Social Media has become an important part of people’s lives and they can’t help themselves to not looking or following it. In this, we first create a twitter account by just logging in to www.twitter.com/signup and after that, we make a developer account on twitter from www.apps.twitter.com and enter all the details what is required. After the developers account for twitter is made we create one app on that developer’s account. The name for that app can be kept anything that the user wishes. After the app is created, inside that developers account we just select the token and secret key dashboard. Here, we get the signature keys like API key, API secret, access token key, and access token secret. We use this signature keys to scrap the data from the twitter using hashtag to search for the data[1].

Literature Survey

  1. Gathering information from Online Social Networks is a primordial step in many data science fields allowing researchers to work with different and more detailed datasets [2]. Although an important proportion of the scientific community uses the Twitter streaming API for collecting data, a limitation occurs when queries exceed rating intervals and time ranges [2].
  2. The ascent and improvement of Internet and the World Wide Web have given a worldwide system to sharing data and working together in confiding seeing someone. No sweat of openness, they have multiplied in our lives to a degree where the clients can get to/share data anyplace whenever [3].
  3. Online networking is ruling the universe of showcasing advancement these days. This makes it the ideal stage for any advertising advancement in any field. One of the most significant parts of online networking promoting is the two route plausibility of correspondence. [4].
  4. Today, social networks form an important communication platform. People located at geographically distinct locations can communicate with each other via various social networks [5].

Analytical Model

To explain about the analytical model the design diagram which shows the connection of Jupyter notebook and Twitter can be shown as below:-

Here in the above design diagram, we can see how the connection between Jupyter notebook and Twitter is made possible.
To show the analytic model more precisely the flow diagram can be shown as below:-

Here the flow diagram for the process of saving data when the connection between jupyter notebook and Twitter is shown.

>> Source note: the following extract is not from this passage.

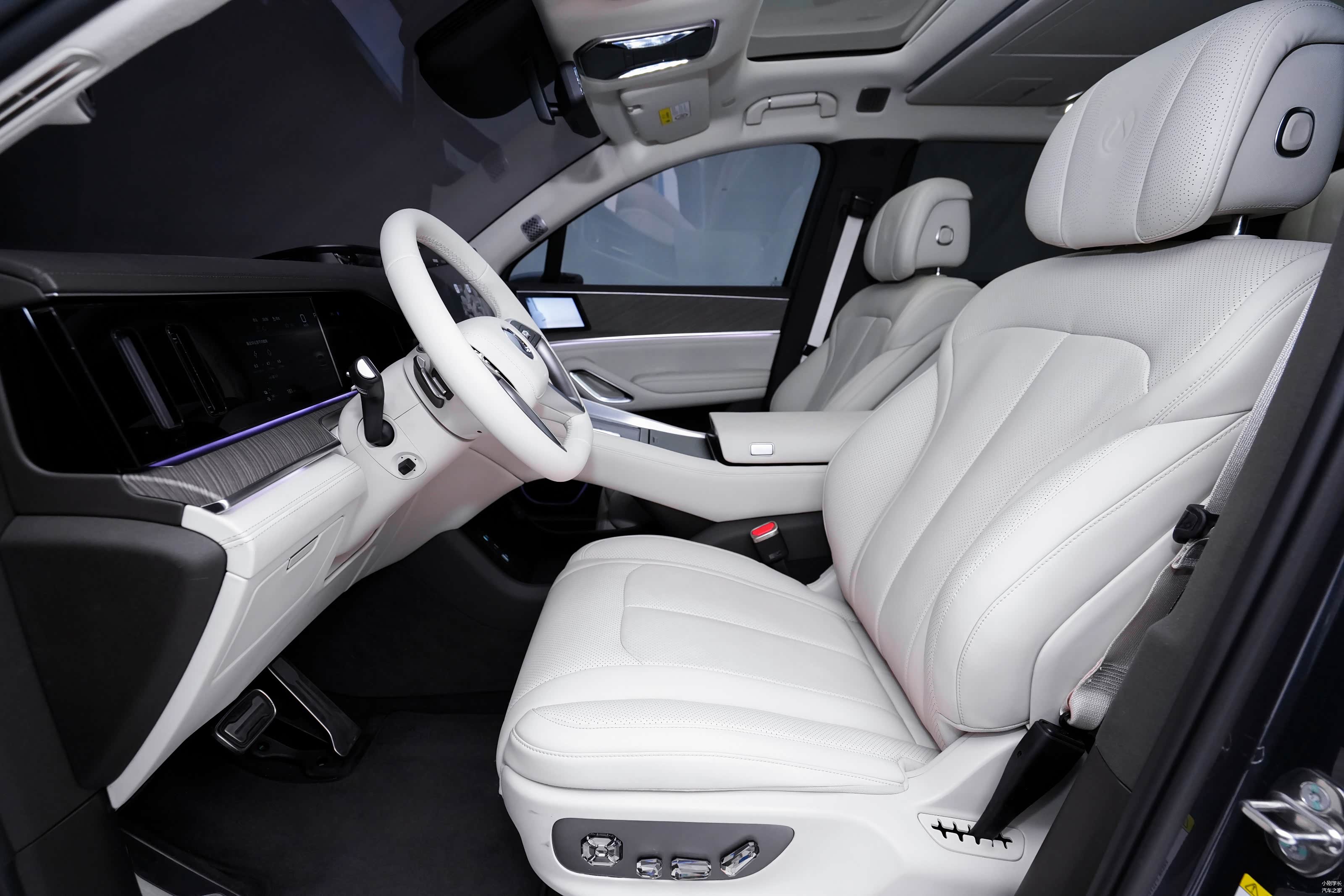 内饰采用双拼色配搭,铂檀灰和云锦米两种配色可选,中控增加了饰板装饰,采用大面积软质包覆。配备四幅电容方向盘、17.3英寸中控屏、13.2英寸全液晶仪表和13.2英寸副驾娱乐屏组成的三屏显示,搭载 50英寸AR-HUD、主动香氛系统、主动式氛围灯,同时部分车型还提供电子外后视镜选装,顶配车型提供26扬帝瓦雷翻转扬声塔+同级唯一双头枕音响。

To make that connection between them firstly the library called tweepy is imported in the jupyter notebook and essential code is written. Along with its various signature keys are also given as input.

Implementation

To implement this work first we did various works. This works can be listed as below:-

i. First, create a twitter account.

ii. Create developers account for twitter

iii. Create an app on developer account

iv. Save signature keys like API key, API secret, Access Token, and Access Token Secret.

v. Start Jupiter Notebook

vi. Create a workspace for python in jupyter notebook

vii. Import required libraries.

viii. Write the required codes.

ix. Give those signature keys as input

x. Provide certain hashtags to scrap data.

To explain it more precisely a few screenshots can be shown as below:-

Creating Developers Account

Confirmation from Twitter

Creating App on developers account

Required Signature Keys

The coding part can be shown as below:-

Applications

Various applications can be achieved by this work. Some of them are listed below:-

i. Data can be used for marketing and finance.

ii. For an academic purpose.

iii. For finding the sentiments associated with those tweets.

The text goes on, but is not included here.